Red Leatherman said...

Reference to Godwin's law is good enough. Therefore, Godwin in 8.

Gritsforbreakfast said...

Hell, Red, we got to "treason" in three, and the first two comments referenced anal sex toys. This string got off to a rocky start from the beginning, didn't it? ;)

Red Leatherman said...

Scott: My nose is still sore from the coffee coming out the wrong way after reading the Alan's post and your retort yesterday when they were the only two.
But it's Threads like this that keep me coming back :D
I probably should have at least voiced my opinion instead of just sitting here nodding from my seat behind the keyboard.
This tossing of constitutional rights seems to be accelerating but recent cases have come to light that give me hope. you may have read about cases in the past weeks, affirmed with strong wording asserting the right to record police. I believe two landmark cases were in Massachusetts where it was beginning to look like they had almost successfully redefined the wiretap law and another in Illinois.
While I agree that Phelps was breaking the law and morally he was scum. There was and is no reason to violate the rights of everyone to make the case against him.

Hook Em Horns said...

Grits, unless the evidence was obtained at YFZ but for purposes of expediency, whomever found it will swear it was found in his car.

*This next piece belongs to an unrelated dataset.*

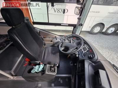 : fotele odchylane, oświetlenie indywidualne, nawiewy dyszowe, ABS, ASR, tempomat, retarder, CD, podnóżki, mikrofon, klimatyzacja, radio, regulacja wysokości nadwozia, podwójne szyby boczne, wspomaganie kierownicy, elektryczne lusterka, ogrzewanie stacjonarne, ESP

1.) The Texas Ranger said, under oath, it was found in Nevada.

2.) Was he there?

In my experience cops have been known to lie about where evidence was obtained. I am not suggesting that happened here but I find the correlation between the testimony of a Texas Ranger about evidence "allegedly" found in Nevada to be suspicious.

Anonymous said...

Basically the courts said the children's rights were violated in the course of the investigation but Mr. Emack doesn't have legal standing to vicariously question those rights. There must be some child sex abuse clause to the 4th amendment we don't know about.

Sheldon tyc#47333 said...

“But bad guys already do enough damage, we shouldn't destroy the constitution on their behalf as well. “
Well written Grits.
It’s a shame what length human beings will go to in order to destroy other human beings if they practice religious beliefs different from the ruling party’s religious belief. What’s worst is how some human beings will stand idly by and watch, right up to the point the ruling party comes after them. In keeping with Godwin’s law let me ask the question, if Gd forbid, Rick Perry becomes president is it safe to assume that all those private prisons will be converted to death camps for people who are not white evenchingalas?

And if these people who are perverting the fourth amendment in the name of saving the children, then what about our state sponsored pedophilia in the Texas Youth council/commission? How about those kids Rick Perry?!

rodsmith said...

sorry 04:00pm but in my book if your an elected offical who has taken an OATH to UPHOLD the CONSTUTION and it says you are REQURIED to do X.Y.X and instead you ignore that and do A,B.C your a traitor and considering president bush's so-called war on terror is still in place liable for execution for treason in wartime!

maybe if we actualy ENFORCED it once or twice these ignorant and crimnal politican MIGHT GET THE MESSAGE!